8. (SBU) According to Demboba, eight OFDM candidates for the Federal Parliament and four candidates for the Regional Council are among the 100 detained by police. OFDM reported the case to the National Electoral Board of Ethiopia, but received no response. OFDM was forced to register new candidates in place of those of those detained.

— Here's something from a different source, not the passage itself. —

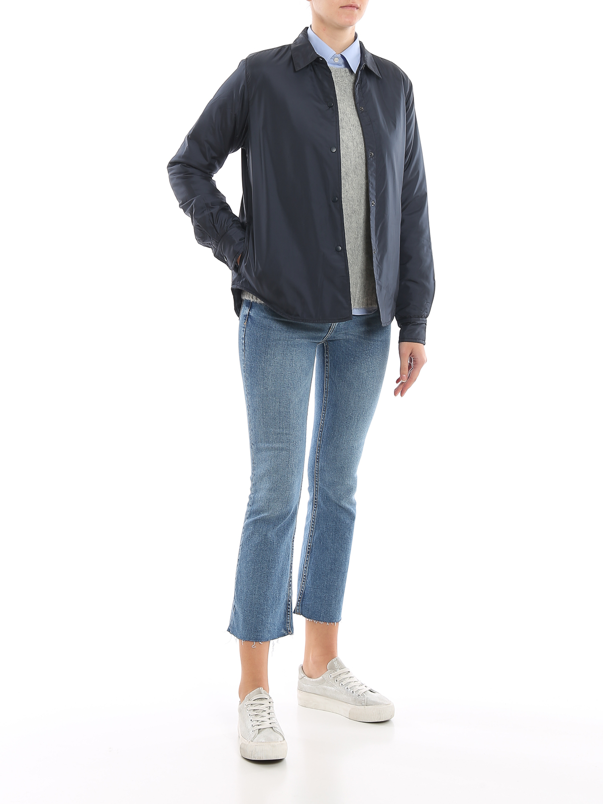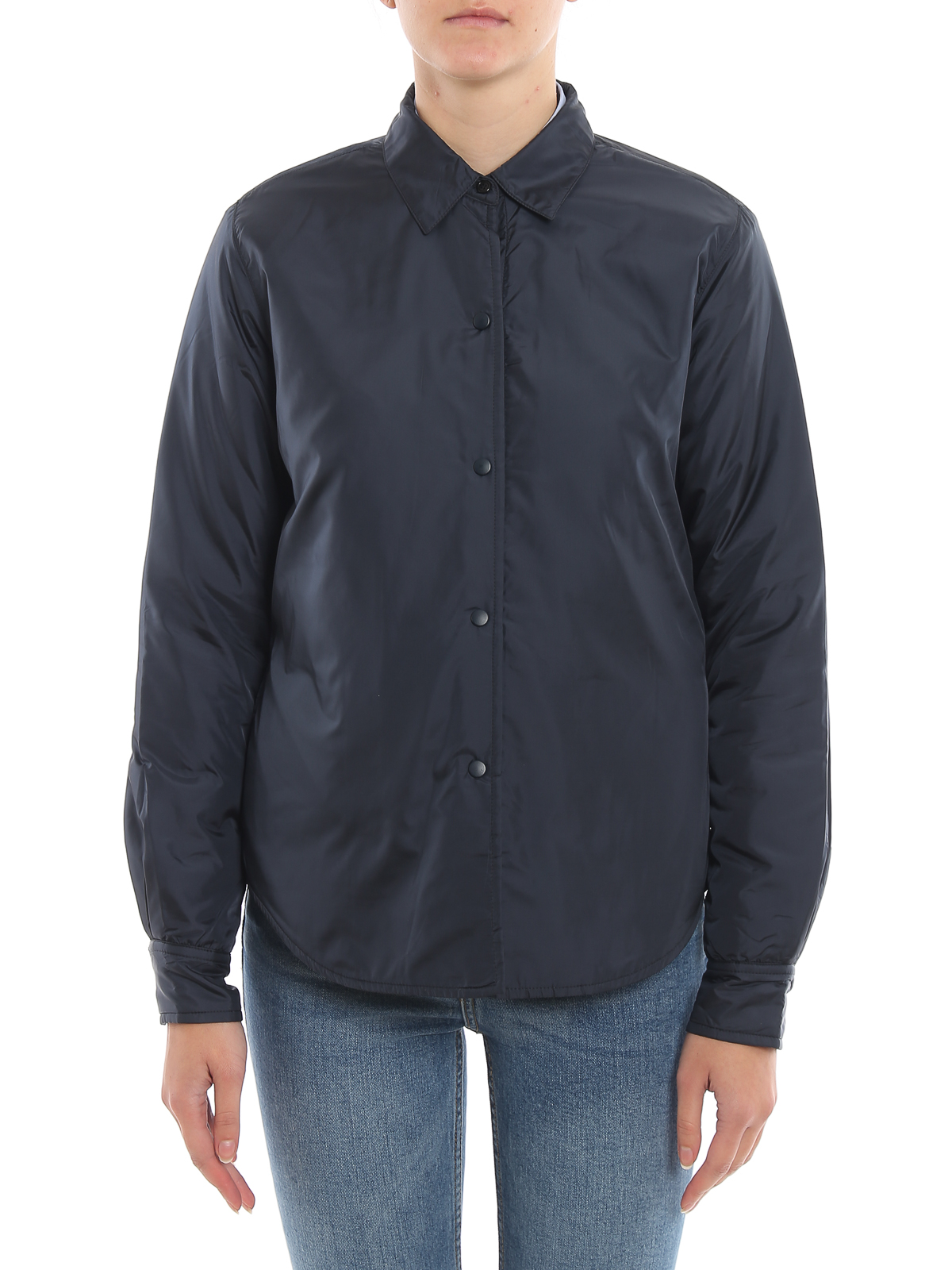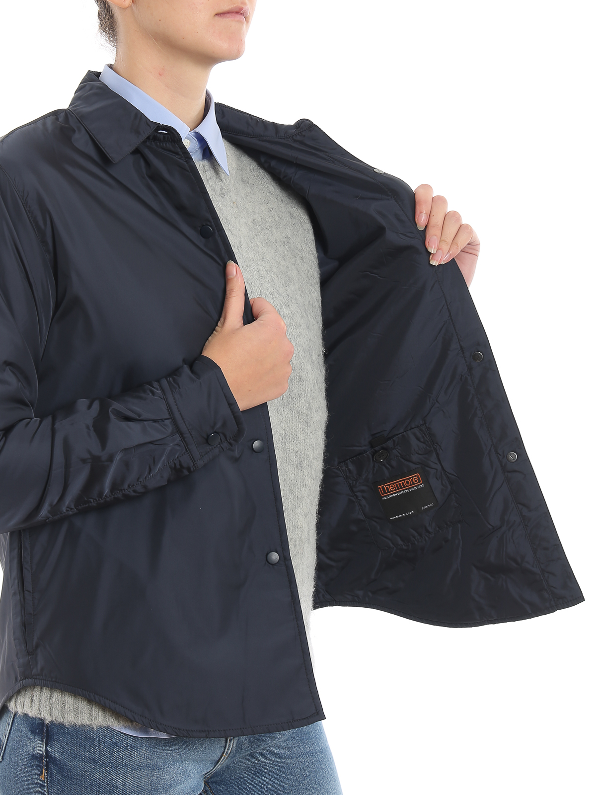 Water repellent 40 den. nylon taffeta shirt style jacket detailed with Thermore® padding and tonal press-stud fastening.

The Whereabouts of Three Students and Two Party Leaders is Unknown
9. (SBU) On January 8, Human Rights League for the Horn of Africa (HRLHA) reported that three students from Awassa University were arrested by the Federal Police on January 5 and January 6 in connection with the riot in Shakiso Wereda, Guji Zone of Oromiya Region. The three Awassa University students who are natives of Shakiso are: Nega Gezaw, Dhaba Gire and Jatani Wario. Demboba told Poloff and PE FSN that the three students were not physically present in Shakiso during the riot, but police picked them up from Awassa town for alleged involvement in the riot. According to HRLHA and Demboba, the whereabouts of the three students is unknown. Similarly, the whereabouts of Assefa Arure and Dulecha Robe, both members OFDM are still unknown.
Residents Not Impressed by Officials and Mine Owner Visit
10. (U) According to Demboba, Sheikh Mohammed Al Amoudi, owner of MIDROC, Alemayehu Tegenu, Minister of Mines and Energy, and Aba Dula Gemeda, President of Oromiya Region visited Shakiso on January 20 to appease the community. Sheikh Al Amoudi granted 15 million Birr (USD 1,125,000) for the 15 Weredas in Guji Zone to be used for community development. According to Demboba, handpicked residents attended the meeting and thanked the visitors for the attention they gave to their community. Demboba said the majority of residents — who did not attend the meeting — were unimpressed by the visit and donation, and characterized it as “too little, too late.” According to Demboba, the community continues to demand the immediate release of their loved ones and the cleanup of toxic waste generated by Lega Dembi Gold Mine before MIDROC is granted rights to Sakaro Gold Mine.
11. (SBU) Genuine grass-roots opposition to hazardous pollution on the part of Ethiopia’s largest investor appears to have fomented in Shakiso Wereda. Local authorities’ willingness to launch an investigation into Lega Dembi’s environmental practices has clearly evaporated, and MP Demboba’s allegation that they have been ordered by federal officials to “make the problem go away” is entirely believable. While Demboba’s allegation that the arrest of protestors was a form of political party harassment is congruent with broader trends Post has observed, Demboba provided little evidence of his claims. Neither Demboba nor other community leaders appear to have developed a strategy for highlighting this issue. With community members rightfully frightened by the mass arrests of peaceful demonstrators, this case will only attract further attention if Demboba or other high-ranking officials make it their own. End comment.